- ENTRIES SUPPLIED:

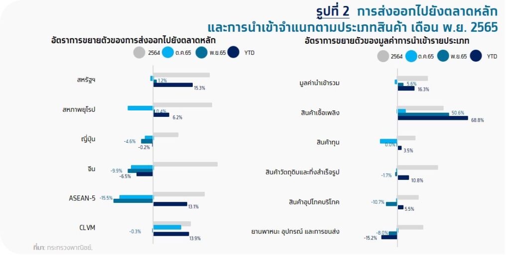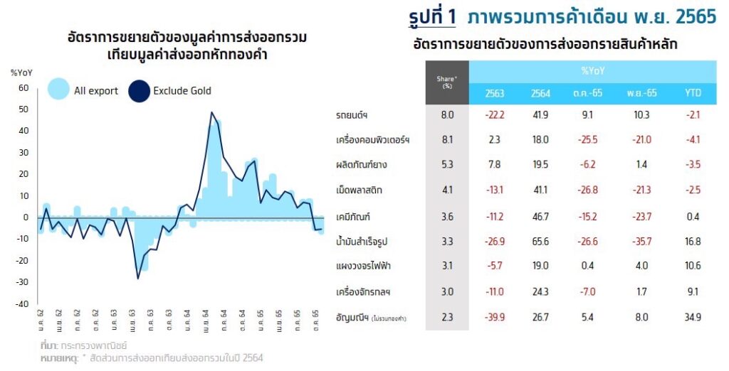 Krungthai COMPASS นำเสนอบทวิเคราะห์เรื่อง “ส่งออกเดือน พ.ย. หดตัว 6.0% หดตัวต่อเนื่องเป็นเดือนที่ 2 จากเศรษฐกิจโลกที่ชะลอตัว ” โดยส่งออกเดือน พ.ย. ติดลบ 6.0%YoY หดตัวต่อเนื่องเป็นเดือนที่ 2 มากกว่าการคาดการณ์ของตลาดที่ -5.2% จากการส่งออกสินค้าอุตสาหกรรมและสินค้าเกษตรที่หดตัวต่อเนื่อง ตามการชะลอตัวของเศรษฐกิจโลกและ
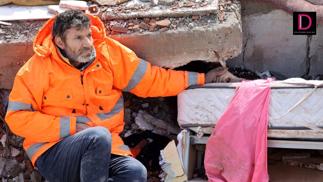 ภาพแห่งความสูญเสียจากเหตุการณ์แผ่นดินไหวระดับ 7.8 แมกนิจูด ในเขตตุรกี-ซีเรีย เมื่อวันที่ 6 ก.พ. 2566 ยังคงปรากฏสู่สายตาชาวโลกเพิ่มมากขึ้นเรื่อย ๆ และหนึ่งในนั้นคือภาพสุดสะเทือนใจของชายชาวตุรกี ซึ่งกำลังนั่งมองเหม่อพร้อมกับกุมมือเล็ก ๆ ที่โผล่ออกมาจากซากตึกถล่ม
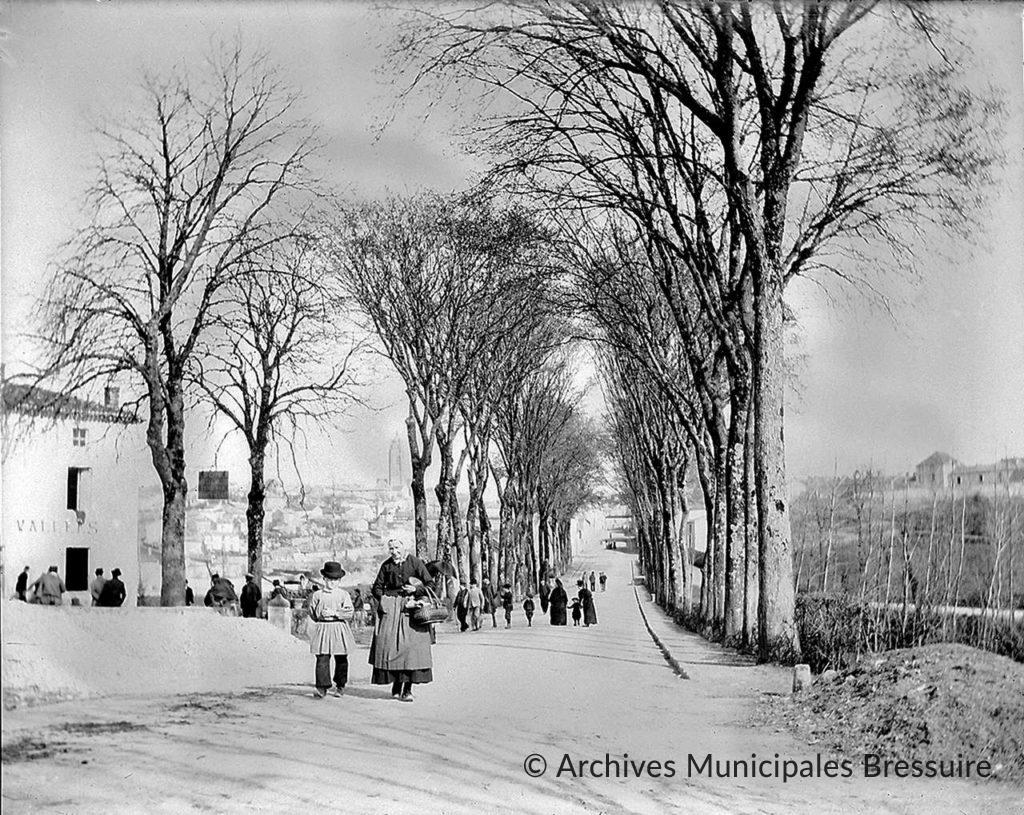 Vue de la route de Nantes peu avant d’arriver au pont de chemin de fer. À gauche, les maisons correspondant aux numéros 36 à 40 de l’actuel boulevard Alexandre 1er ont gardé la même physionomie. À droite, le mur a été détruit et le jardin remplacé dans les années 1960 par une station Total puis par un parking et un immeuble à usage commercial. La route est en terre battue et les piétons y stationnent sans aucun souci de la circulation automobile, encore très réduite.
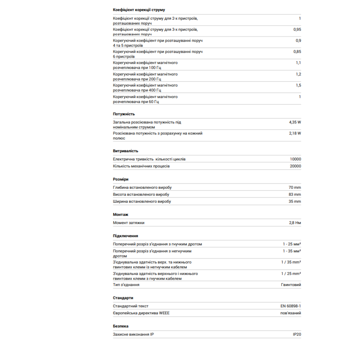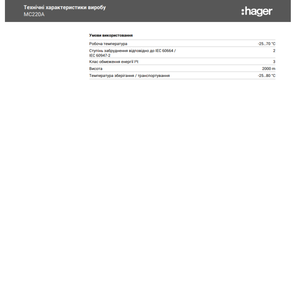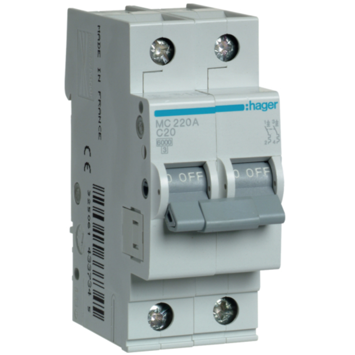 Автоматичний вимикач 6kA 2P 20A тип C, Hager MC220A
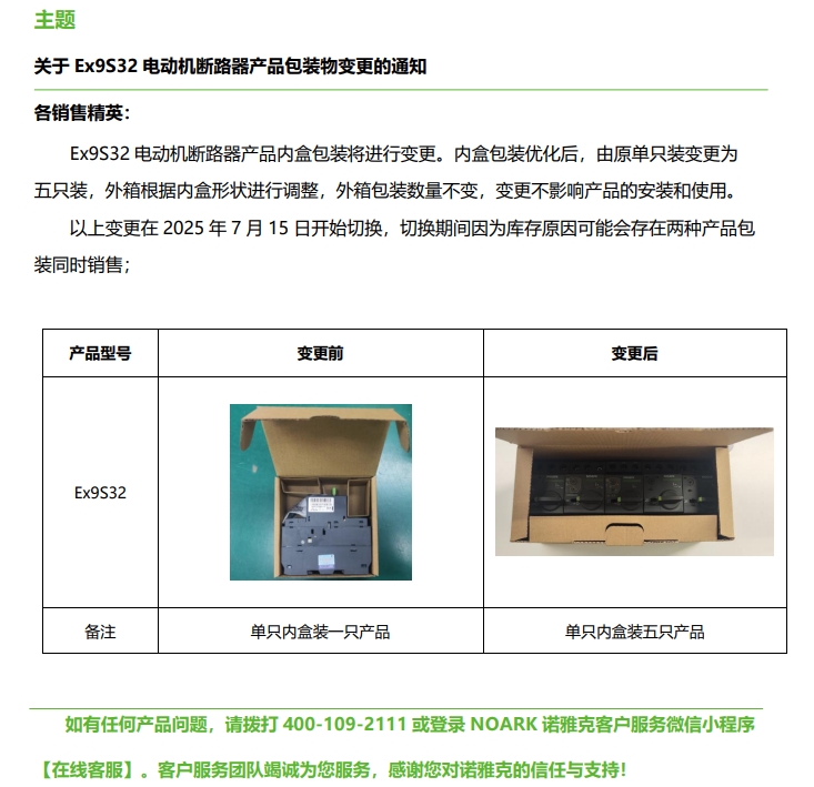 關(guān)于 Ex9S32 電動機斷路器產(chǎn)品包裝物變更的通知
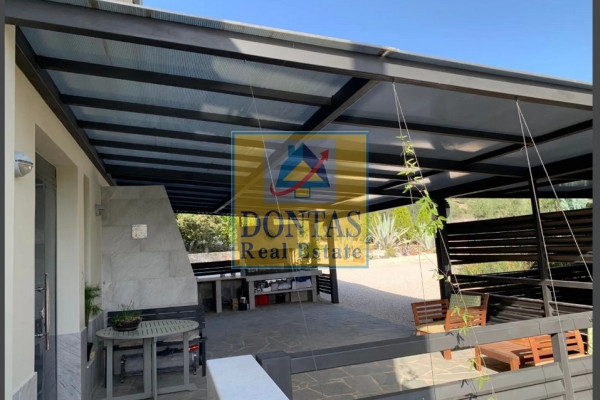Loutraki-Perachora, Vouliagmeni, Detached house, 340 sq.m., On a plot of 5200 sq.m., 3 Level(s), 800 m, from Lake Loutraki, 6 Bedrooms, 6 Bathroom(s), 1 WC, 3 Kitchen(s), 2 Parking, Year of construction 2009, Energy Certificate: D, Floors: Tiles, Frames: Aluminum, Features: Security Door, Storage, Fireplace (2), Jacuzzi, Internet, Electrical Appliances, Internal Staircase, Double Glazing, Screens, Awnings, Verandas, BBQ, Pets Allowed, Air Conditioning, Solar, Trees, Garden, Consists of 3 Levels, Ground Floor, 1st and 2nd Floors (The GROUND FLOOR has living areas, living room, dining room, kitchen with a 5 m Corian worktop, 4 rooms and 2 bathrooms and a storage room that can be used as a 3rd bathroom), On the 1st FLOOR it has living areas, a living room with an energy fireplace, a kitchen, an office and a guest toilet (the 2ND FLOOR has a living room area, a room with a small , 1 bathroom with jacuzzi and shower and many wardrobes), The residence has a studio Studio with hall, 1 room and 1 bathroom (Plot 5,200 sq.m., with a landscaped area and two entrances, Around the house there are pergolas, a terrace with a solarium and a shower, an olive grove with 30 trees, a garden with figs, pomegranates, and 7 varieties of citrus fruits - including Frapa and ``Buddha's hand'', Feijoa, strawberry with large fruits, etc. ), Near Lake Loutraki (800 m), From Loutraki town (10 km), and 105 km from Eleftherios Venizelos Airport via Attica Road. (The house has: 3 terraces, both with fountains (lined with artificial stones), 2 balconies, 3 kitchens, 6 bathrooms, including a master bathroom with Jacuzzi, 6 rooms, 2 living rooms, 1 office, and 2 storage rooms), The price includes the construction of a swimming pool according to the buyer's plan., Central - Oil Heating, View: Mountain + Sea, Price: €1,580,000, Tel: 2106231555 6980502020, www.dontasrealestate.gr,
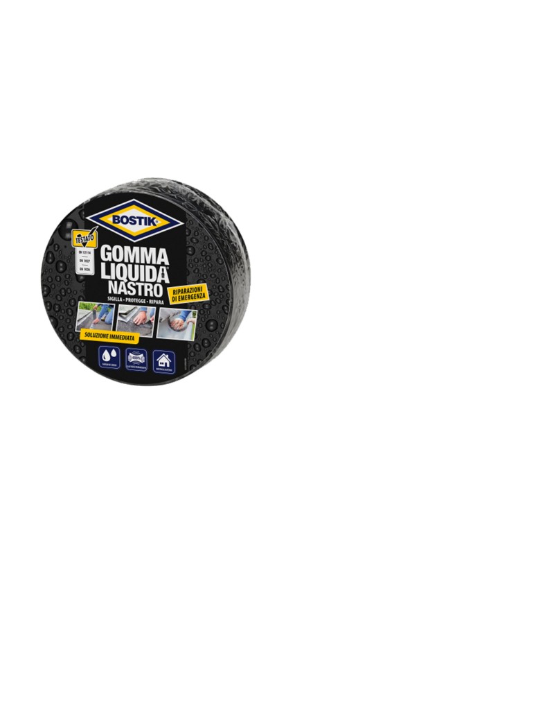 Descrizione prodotto Bostik Gomma Liquida® Nastro è particolarmente adatto per le riparazioni (di emergenza). Il nastro è immediatamente impermeabile all’acqua e all’aria, pertanto non è necessario attendere. Il nastro possiede un alto potere adesivo e aderisce persino su superfici umide.

- EXERCISE AIM: Write out again exactly the lines from the start of the data above through the line containing "關(guān)于 Ex9S32 電動機斷路器產(chǎn)品包裝物變更的通知", inclusive, excluding any pictures.

- SOLUTION:
 Krungthai COMPASS นำเสนอบทวิเคราะห์เรื่อง “ส่งออกเดือน พ.ย. หดตัว 6.0% หดตัวต่อเนื่องเป็นเดือนที่ 2 จากเศรษฐกิจโลกที่ชะลอตัว ” โดยส่งออกเดือน พ.ย. ติดลบ 6.0%YoY หดตัวต่อเนื่องเป็นเดือนที่ 2 มากกว่าการคาดการณ์ของตลาดที่ -5.2% จากการส่งออกสินค้าอุตสาหกรรมและสินค้าเกษตรที่หดตัวต่อเนื่อง ตามการชะลอตัวของเศรษฐกิจโลกและ
 ภาพแห่งความสูญเสียจากเหตุการณ์แผ่นดินไหวระดับ 7.8 แมกนิจูด ในเขตตุรกี-ซีเรีย เมื่อวันที่ 6 ก.พ. 2566 ยังคงปรากฏสู่สายตาชาวโลกเพิ่มมากขึ้นเรื่อย ๆ และหนึ่งในนั้นคือภาพสุดสะเทือนใจของชายชาวตุรกี ซึ่งกำลังนั่งมองเหม่อพร้อมกับกุมมือเล็ก ๆ ที่โผล่ออกมาจากซากตึกถล่ม
 Vue de la route de Nantes peu avant d’arriver au pont de chemin de fer. À gauche, les maisons correspondant aux numéros 36 à 40 de l’actuel boulevard Alexandre 1er ont gardé la même physionomie. À droite, le mur a été détruit et le jardin remplacé dans les années 1960 par une station Total puis par un parking et un immeuble à usage commercial. La route est en terre battue et les piétons y stationnent sans aucun souci de la circulation automobile, encore très réduite.
 Автоматичний вимикач 6kA 2P 20A тип C, Hager MC220A
 關(guān)于 Ex9S32 電動機斷路器產(chǎn)品包裝物變更的通知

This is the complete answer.